While the future of a bill meant to address pressing concerns in the
auto insurance system is unknown, the issues persist, and drivers are
still in need of cost-saving solutions, says Toronto personal injury
lawyer Peter Cho.
The Liberal government’s Bill 171, the Fighting Fraud and Reducing Automobile Insurance Rates Act, passed
second reading in April, and proposed making several changes to the
auto insurance dispute resolution system. The bill is now effectively
dead as the legislature has dissolved for the June 12 election.

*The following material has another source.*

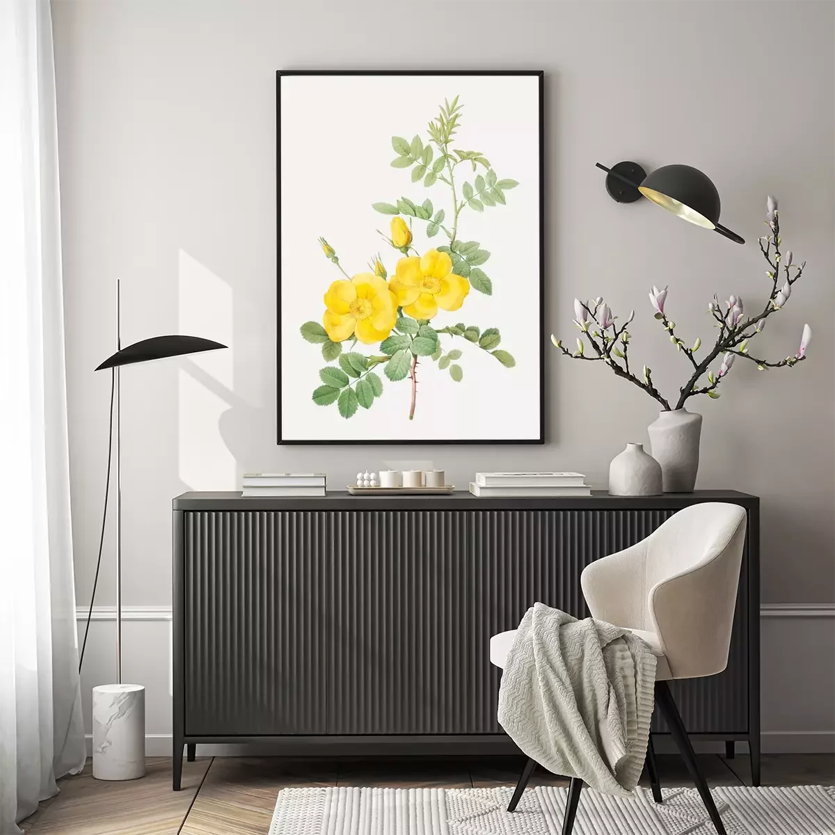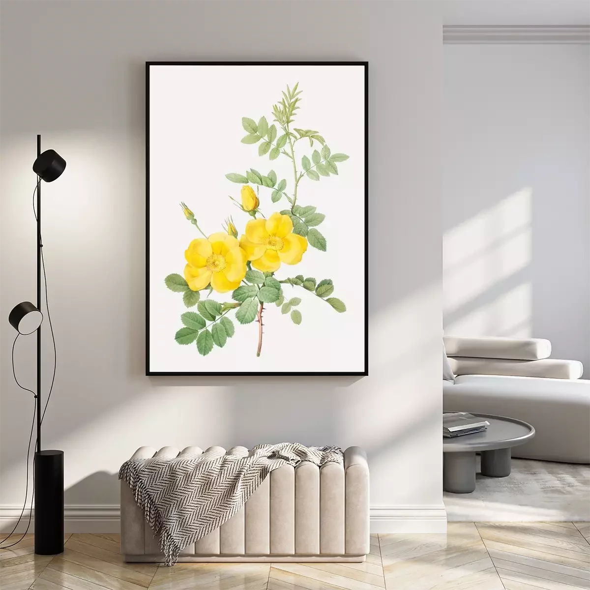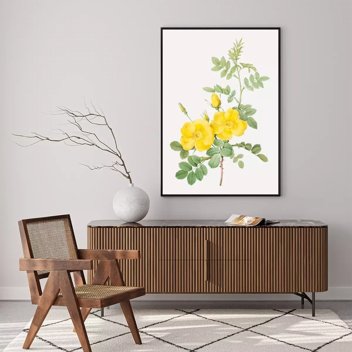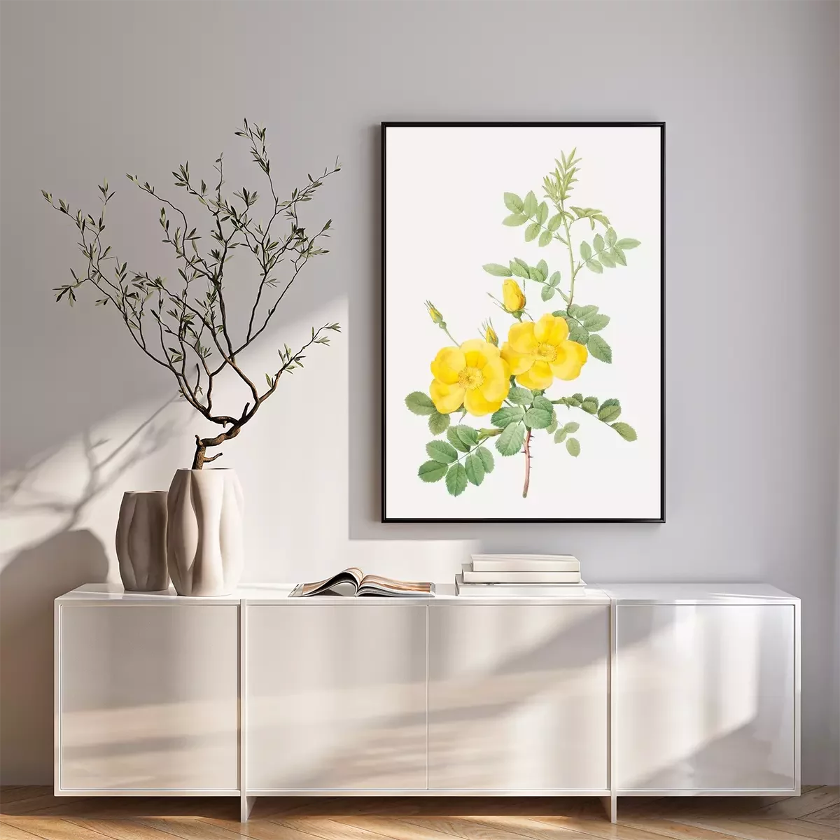 Poster : Roses jaunes sur une branche épineuse

Cho, associate with Smitiuch Injury Law,
said he’s glad to see Bill 171 go by the wayside, but as long as auto
insurance rates remain an issue in Ontario, another version of the bill
is likely to be presented in the near future.

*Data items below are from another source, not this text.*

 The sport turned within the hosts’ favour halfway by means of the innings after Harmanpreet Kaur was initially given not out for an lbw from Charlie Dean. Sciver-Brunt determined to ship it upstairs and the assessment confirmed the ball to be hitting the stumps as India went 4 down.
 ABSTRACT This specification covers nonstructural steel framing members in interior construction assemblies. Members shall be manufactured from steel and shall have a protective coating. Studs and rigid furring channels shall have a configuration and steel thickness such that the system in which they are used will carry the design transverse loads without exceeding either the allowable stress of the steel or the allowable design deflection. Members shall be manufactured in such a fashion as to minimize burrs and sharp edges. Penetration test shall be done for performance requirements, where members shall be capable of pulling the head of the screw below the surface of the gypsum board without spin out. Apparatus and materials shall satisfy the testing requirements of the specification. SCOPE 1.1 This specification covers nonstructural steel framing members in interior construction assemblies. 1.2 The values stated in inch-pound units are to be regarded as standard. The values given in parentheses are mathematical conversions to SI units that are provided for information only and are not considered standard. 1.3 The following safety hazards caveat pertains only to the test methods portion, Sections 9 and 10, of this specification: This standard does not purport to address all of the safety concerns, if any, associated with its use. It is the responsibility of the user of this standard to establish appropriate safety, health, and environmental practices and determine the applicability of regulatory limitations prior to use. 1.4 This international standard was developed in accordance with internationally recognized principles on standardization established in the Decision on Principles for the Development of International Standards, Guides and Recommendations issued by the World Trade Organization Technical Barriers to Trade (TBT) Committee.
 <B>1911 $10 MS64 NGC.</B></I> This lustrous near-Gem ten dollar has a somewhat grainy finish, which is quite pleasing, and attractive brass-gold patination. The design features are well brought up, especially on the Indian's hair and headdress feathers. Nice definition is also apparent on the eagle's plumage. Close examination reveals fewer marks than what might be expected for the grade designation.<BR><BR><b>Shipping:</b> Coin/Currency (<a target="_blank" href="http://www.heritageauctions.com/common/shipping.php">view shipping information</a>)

The bill looked to name the Licence Appeal Tribunal as the new
location for the dispute resolution section of the Financial Services
Commission of Ontario (FSCO) – a move that would raise serious concerns
for drivers, said Cho.
“A major concern with respect to this shift would be whether it would
lead to further backlog and delay in having disputes resolved
effectively. This has been a challenge facing the Ontario accident
benefits regime for many years,” said Cho.

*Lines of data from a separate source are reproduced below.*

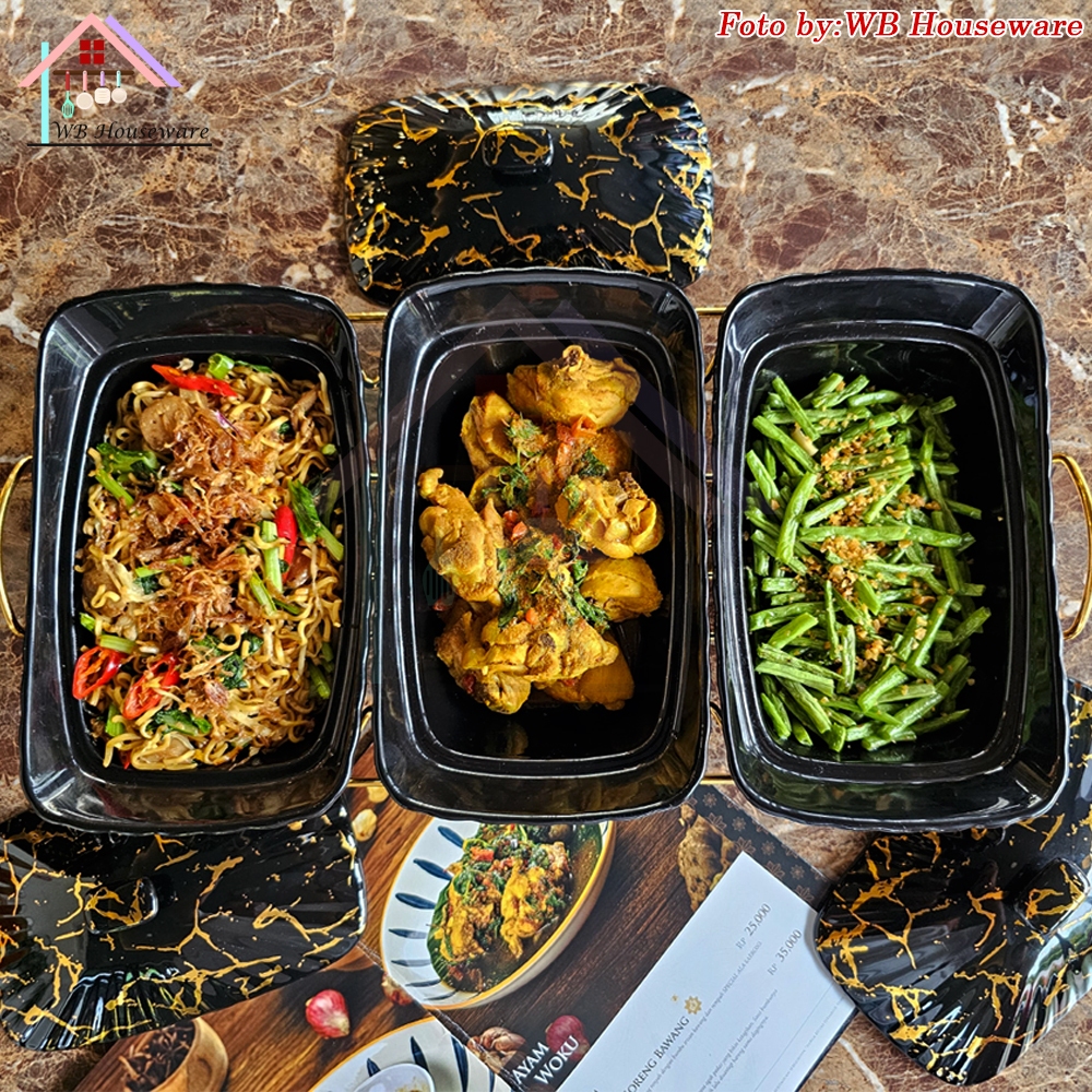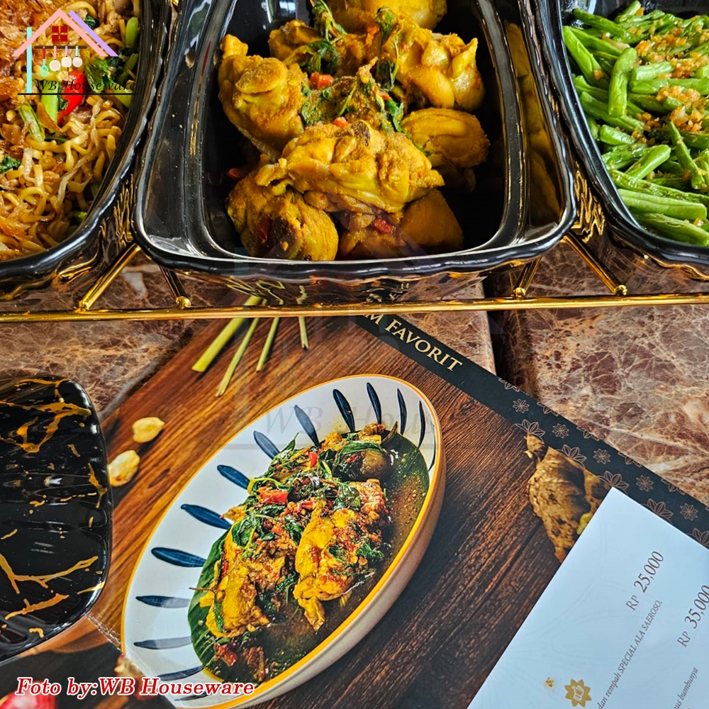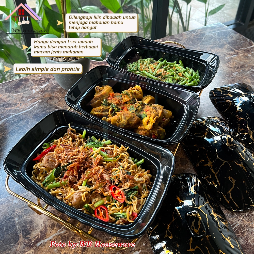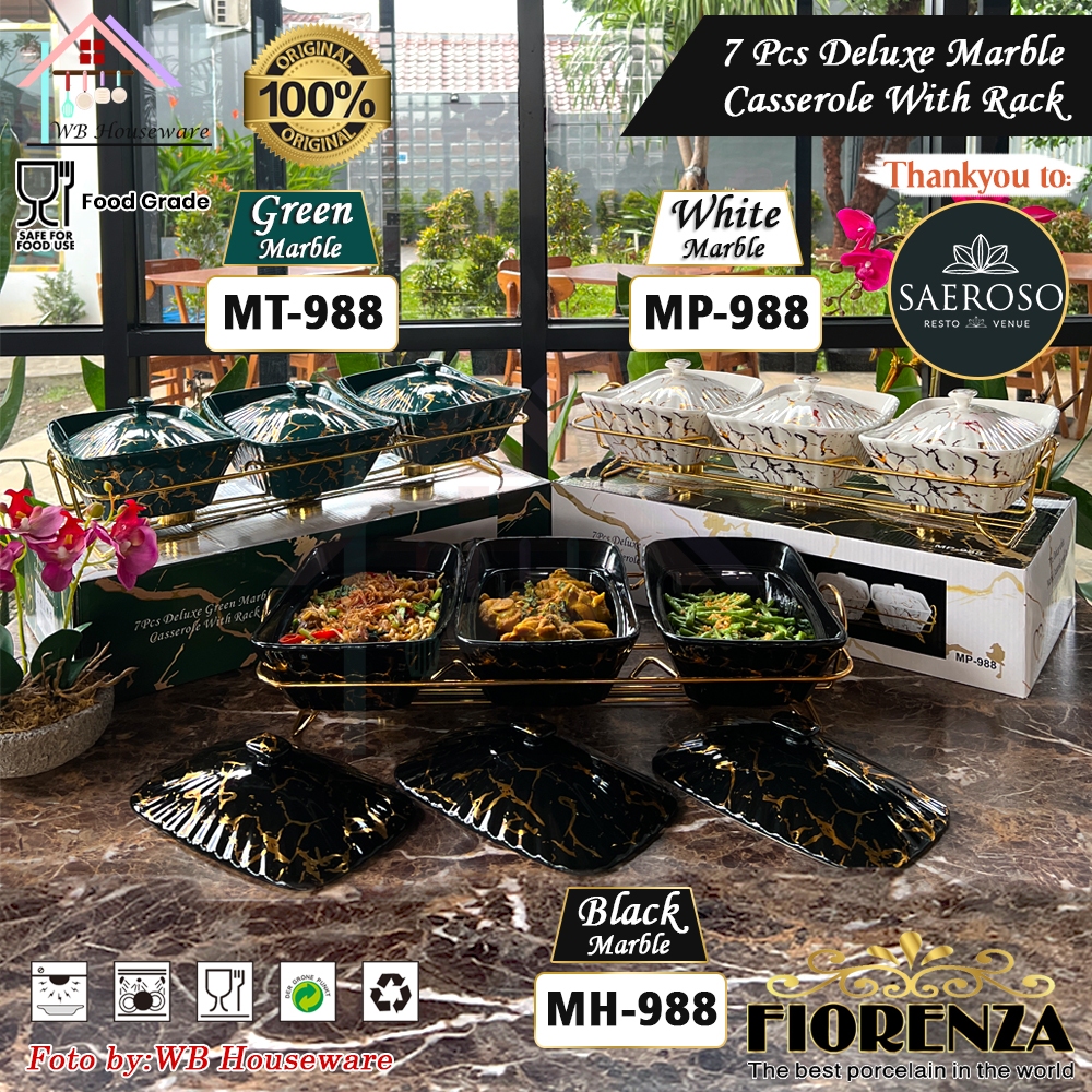 FIORENZA 7pcs prasmanan set segi + tutup + rak motif marble duluxe series keramik / premium casserole set with rack / food warmer type 988
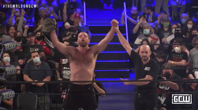 Jarrett would miss the swing, and Effy would nail Under The Rainbow for a two count. Now, Effy had the belt and dished out some punishment. Jarrett grabbed the guitar, but took a low blow. Effy pulled off the fishnets, and went after the face of Jarrett with them. Jarrett would survive and hit the guitar shot into Stroke for the win!
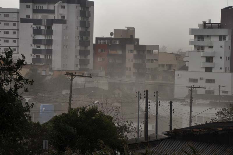 Uma nuvem de poeira encobriu parte de Içara na tarde desta sexta-feira, dia 1. No Centro de Içara, a densidade mais forte foi observada nas proximidades do terminal rodoviário. As rajadas de vento ocorreram por volta das 15h30, duraram cerca de cinco minutos e na sequência deram espaço para a chuva. Em menos de 10min, a temperatura também despencou cerca de oito graus e chegou a 22ºC às 15h50. A previsão é que a temperatura volte a aumentar no próximo domingo. [Temperatura pode chegar a 30°C no Litoral]
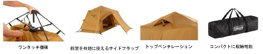 ハブを合わせるだけでインナーテントを完成できるワンタッチ構造により、設営・撤収を簡単にできます。広い前室空間は、荷物の保管や日よけ雨よけに便利です。また雨の浸入を軽減して前室を有効に使えるサイドフラップ開閉機能や温まった空気を排出するトップベンチレーションなどソロキャンプを快適にする機能を搭載しています。

“A second concern, and equally significant, is that FSCO arbitrators,
who have significant knowledge and experience in making decisions on
accident benefits disputes, would be replaced with per diem arbitrators
who do not possess the same level of expertise and knowledge of the
Ontario accident benefits regime.
“At this stage, there are not enough facts about how the Licence
Appeal Tribunal would operate, but my concern is how this change would
impact Ontario drivers and specifically those currently involved in
disputes with their insurers as they may be facing additional delays and
potentially a new set of rules and procedures with the Licence Appeal
Tribunal.”
The bill also proposed repealing sections of the Insurance Act that
would stipulate that no person may bring a proceeding in any court with
respect to a dispute over statutory accident benefits, “other than an
appeal from a decision of the Licence Appeal Tribunal or an application
for judicial review.” The impact of such a change “cannot be
overstated,” said Cho.
“I anticipate that there would be great resistance and a strong
response to this type of change from the legal community as well as from
Ontario drivers as it restricts access to justice,” he said.
“By removing the right for someone to bring an accident benefits
dispute into the court system, it denies the individual their inherent
right to have their dispute heard before a local judge to decide an
issue. This type of change confines an individual to a specific set of
rules and procedures established by the Licence Appeal Tribunal and also
eliminates the ability to proceed with punitive and exemplary damages
where they may be appropriate.”
The amendment would “remove accountability for an insurer’s actions,” said Cho.
“Bill 171 would also impact access to justice due to the change in
the calculation of pre-judgment interest,” he said. “The proposed change
in the legislation would set an interest rate based on the Courts of
Justice Act, resulting in a drop from 5 per cent to 1.3 per cent per
annum. The current SABS rate is 1 per cent compounded monthly. As such,
insurance companies will find little incentive to settle with an injured
party at an earlier stage.”
Despite the uncertain future of Bill 171, Cho said the issues are
worth discussing because they’re bound to resurface in the legislature.
“There needs to be a better dialogue between representatives of
Ontario drivers and the insurance companies,” said Cho. “As it currently
stands, there is an imbalance of power in the automobile insurance
industry. The near introduction of Bill 171 and its sweeping changes
without much public debate is evidence of this.”